Electroplating was developed as a combination of Direct Current (DC) and a chemical bath. It was understood that this simple waveform and bath composition had considerable limitations. Numerous innovations followed to optimize the plating process for the desired deposit characteristics. There were advances in cell geometries, anode materials, temperature controls, monitoring, instrumentation and numerous others.

A key advancement was the use and optimization of chemical additives for the DC electroplating bath. We recognize the need to change our bath (electrochemical process) based on the required deposit characteristic (i.e. throwing power, flatter deposit, conductivity, etc.). Additives change the process parameters and mediate the desired results.

Performing the electroplating operation as a process (sequence of steps) enables us to properly level complex parts (such as PCBs) and achieve otherwise difficult deposit characteristics. For example, at a specific point during electroplating, we need to utilize an exact quantity of a specific additive. A second example is to stop the plating process, mask the section which was just plated, unmask another section to be plated in the next step of the process, and continue on. The point is that electroplating was developed and successfully utilized by creating processes. A process allows the user to accomplish the task by performing multiple measurable steps each specifically defined to yield a desired result. The sum of the incremental steps is a completed process with a desired result.
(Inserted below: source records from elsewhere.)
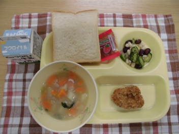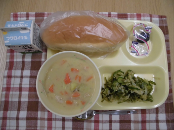 シチューというと、じゃがいもが入っているのが定番ですが、今日はさつまいもで作りました。さつまいもの旬は、8月~11月ごろです。さつまいもは、収穫後、2~3か月ほどおいておくと、水分がぬけて、甘くおいしくなります。今日のシチューは、いつものシチューより甘い味に仕上がっています。じゃがいもよりやわらかいので、食べた時の食感も違いますね。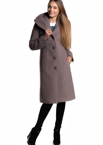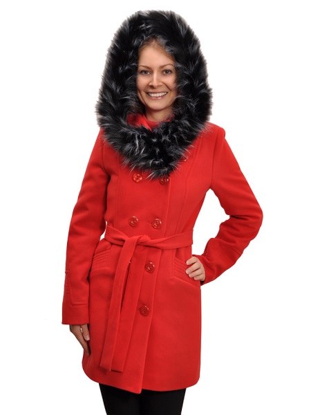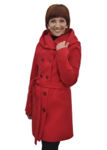 The coat can be decorated with strict buttons in the same tone with the finishing details. The models of this group have a classic cut, are made out with a secret fastener, single-breasted or two rows of buttons. Some models have a wide belt accentuating the waistline. A small hood protects against wind and weather.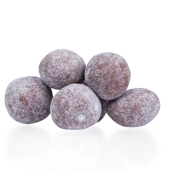 - Karamellisierte Haselnüsse in einem Mantel aus Vollmilchschokolade mit Puderzucker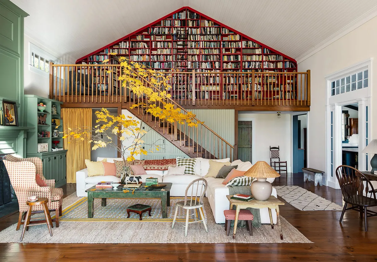 Bibliothèque luxueuse dans l'intérieur d'une maison de campagne confortable dans l'État de New York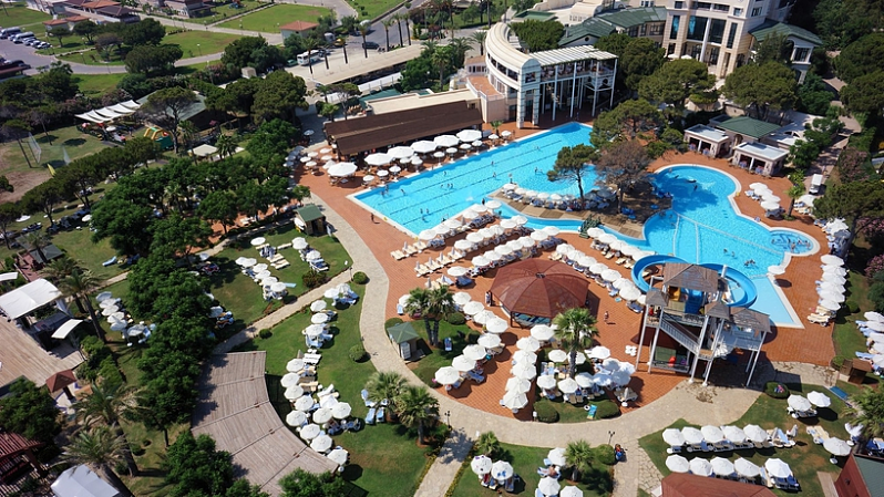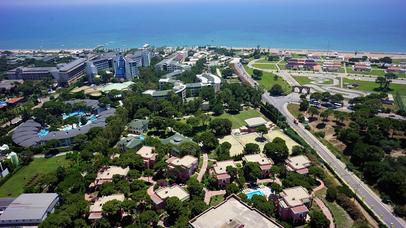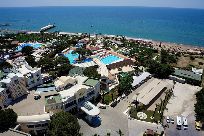 HOTEL: Este hotel cuenta con 87 habitaciones, parque acuático, sistema de aire acondicionado, un vestíbulo, una recepción, peluquería, un auditorio, habitación de juegos, un patio de juegos para los mas pequeños y club infantil. También ofrece a sus clientes tiendas, una cafetería, instalaciones para conferencias, wifi, servicio de lavandería con cargo extra, parking, un restaurante, restaurantes a la carta y bares. SITUACIÓN: Cerca del establecimiento hay el transporte público. Está situado en la playa. A 35 kilómetros del establecimiento los clientes pueden encontrar el aeropuerto de Antalya. HABITACIÓN: Las habitaciones cuentan con aire acondicionado individual, calefacción individual, televisión vía satélite, minibar con cargo extra, secador de pelo, caja de seguridad, balcón o terraza, ducha, una bañera, cama doble, teléfono y radio. INSTALACIONES: El cliente puede encontrar 2 saunas, baño turco, hammam, piscina, tratamientos de belleza, servicio de masajes mediante un abono extra, piscinas cubiertas y climatizadas, un parque acuático con toboganes, un bar al aire libre, tumbonas y sombrillas. También ofrece aeróbic en el agua, aerobic y un gimnasio. Con cargo extra puede disfrutar de motos de agua, banana boat, jugar al billar, surf, tenis, ping pong, dardos, baloncesto, petanca, tiro con arco y montar en bicicleta. También ofrece a sus clientes espectáculos. A 3 kms se dispone de campos de golf. COMIDAS: Se puede reservar en régimen de todo incluido. En lo referente a lo gastronómico se dispone de restaurantes tipo buffet y restaurantes a la carta. Especialidades asíaticas, MÉTODOS DE PAGO: Se admite Mastercard y Visa.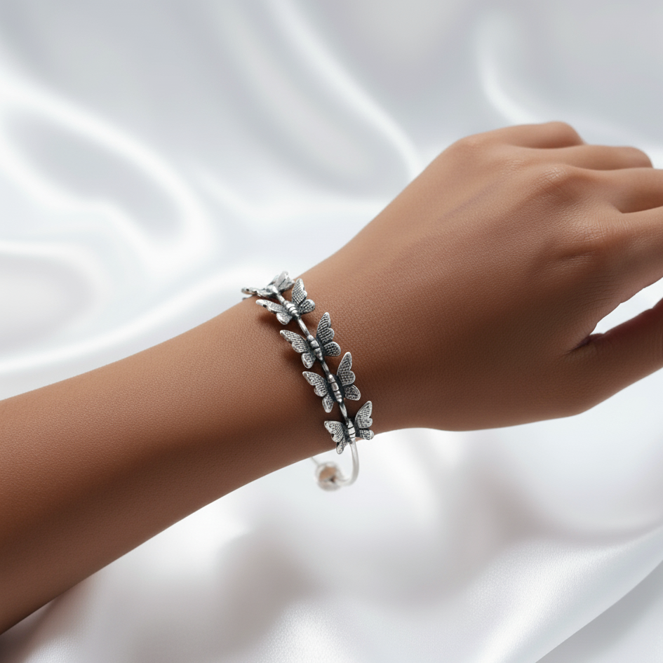 Delicate, elegant, and full of charm, the Flutter Kada is designed for those who embrace transformation and beauty. Crafted in premium 925 silver, this kada features a stunning row of intricately detailed butterflies, symbolizing freedom, growth, and new beginnings.

The timeless truth I referred to in the subhead is that “electroplating needs to be viewed and executed in terms of processes, regardless if it involves DC or pulse waves. This is especially true as our work pieces are composed of multiple geometries (fine-line traces, vias, PTHs) requiring multiple deposit characteristics.”

Somewhere in our search for continuous improvement, six-sigma quality, and reduced cycle time, we discovered pulse plating and forgot that timeless truth. Thus began our search for the “magic pulse waveform.” You know the one. You set your dials on this waveform and electroplate fine-lines, plated though holes (PTHs) and blind vias with bright deposits and high conductivity using any proprietary chemistry and additives developed for DC. The only reason we cannot find the magic pulse waveform is that those who have it will not share the information with us. We keep looking and waiting for someone to demonstrate it so that we can upgrade our plating operations.

We would not attempt to drill different sized holes with a single drill bit. Nor should we attempt to electrochemically fill different sized holes with a single pulse waveform. This approach is similar to our ancestors frustrated search for the mythical fountain of youth; they returned after several centuries with increased value placed on the old knowledge. Prior to the search for the fountain of youth, that knowledge consisted of a healthy diet, genetics, hygiene and exercise, to name a few.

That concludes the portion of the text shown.